07/08/2021 14:44 | Category: dsa

Tags: map_adtset_adthashingadt

map set adt

Maps and Sets are the backing of HashMaps - one of the most useful data strucutre in CS.

Maps

The following are characteristics of maps. This structure can store and retrieve data based on keys. These keys are unique identifiers that cannot be changed. Changing keys would impact our ability to search, which is why they are immutable.

Key points:

  • Collections of key-value pairs
    • <K, V> -> <Key, Value>
  • Searchable
  • Unordered (when used with hashing)

Example: Phone numbers and names. The "key" is the phone number while the name is a "value".

Backing structure

Arrays are the standard hashmap backing structure. These are typically called a backing table.

Prime numbers are generally chosen for the backing length to avoid limit collisions during compression.

Hash function

This represents our key object as an integer value (hashcode)

  • Maps the hashcode to an integer in the backing array
  • If A.equals(B) -> A.hashcode() == B.hashcode()
  • If A.hashcode() == B.hashcode() we CAN'T assume A.equals(B)

Verbiage

  • The mapping of a key to an integer is done via a hashfunction

  • The result of applying a hashfunction to a key is a hashcode

  • Note: In Java hashmap and hashtable mean two different things.

Methods

  • V put(<K, v>) - takes in an entry
    • Will add the entry to the map or replace an existing entry's value
      • If a value is replaced it will return the old value
      • If a new entry is added it returns null
  • V get(<K>) - takes in a key and returns the value V
  • V remove(K) - takes in a key and returns the removed value
  • Set<K> keySet() - returns a set of all the keys in the map
  • List<V> values() - returns a list of all values in the map
    • Ordering is ignored
  • size - number of entries, n
  • capacity - the size of the backing array

Motivation for hashmaps

We want to access a specific value using search in O(1).

Arrays allow indexes to be accessed in O(1) time, so this takes advantage of that property.

Showing access of hashmap in an array:

Showing access of hashmap in an array

Hash functions and compression

When working with hash functions and compression we need to keep the data in a smaller backing array. The key is parsed using a hashcode() to reduce the size then compressed to fit within the backing array.

Example: Department store items with a key value. This key is hashcode() to return the last 4 digits of the key. Then, to compress further we mod the key by the backing array size.

Example hash function with compression showing keys

Collisions

Collisions are when you have a hashed, compressed index value that returns the same index value as another record.

In a practical sesne we will always have collisions.

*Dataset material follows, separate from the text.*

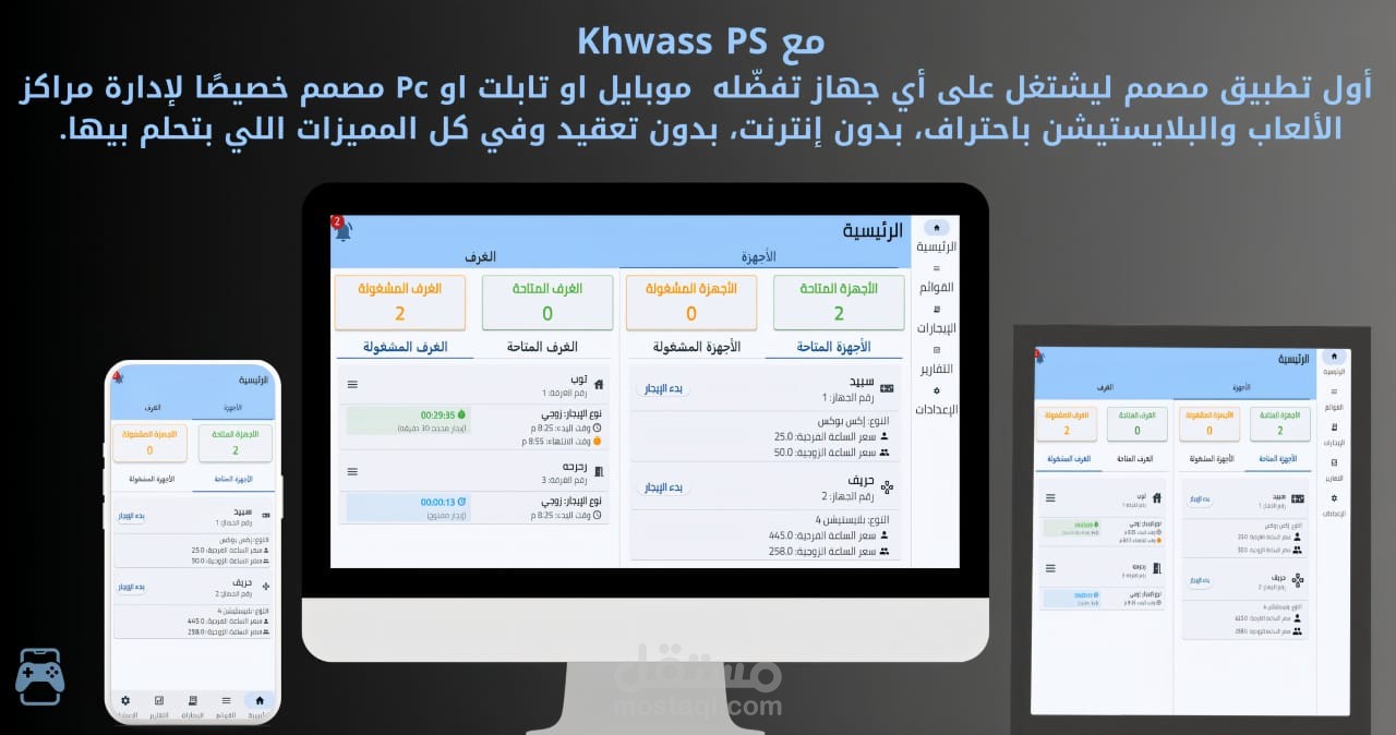 نظام Khwass PS هو تطبيق متكامل لإدارة محلات تأجير أجهزة البلايستيشن، مصمم خصيصاً لتلبية احتياجات أصحاب المحلات في إدارة الأجهزة، الحجوزات، العملاء، والمبيعات بكفاءة عالية. التطبيق متعدد المنصات ويعمل على الأجهزة المحمولة والأجهزة اللوحية وأجهزة الكمبيوتر.

Even with a perfect hashfunction mapping keys to integers we still don't hav einfinite memory.

There is no real reason to have an array of length in millions if we only store ten pairs in it.

Avoiding collisions

Collisions affect our ability to search.

  • Resize to a larger table
    • newCapacity = (2 * currCapacity) + 1
    • This reduces the number of collisions
    • Do not wait until the backing structure is entirely full
  • Resize when the maximum load factor is hit
    • load factor = size / capacity = n/N
    • Typical maximum load factor: 60-70%
  • Use of prime numbers for the capacity
    • Minimizes the collisions when data exhibits some particular patterns

Sets

This is the same as a Map except we only have keys, our data has no values.

This is similar to the concept of a set in math, except that sets are typed to hold only one type of data. Similarly, we can sometimes hear people say the term dictionary refer to a map. This is common in Python, where dictionary refers to the map.

Similar to other data structures like BSTs we can think of them as implementing the Set ADT or Map ADT. If we search in a BST to check for membership of data then it's a Set.

If we look up an identifier tied to other data (user record) then it's a Map.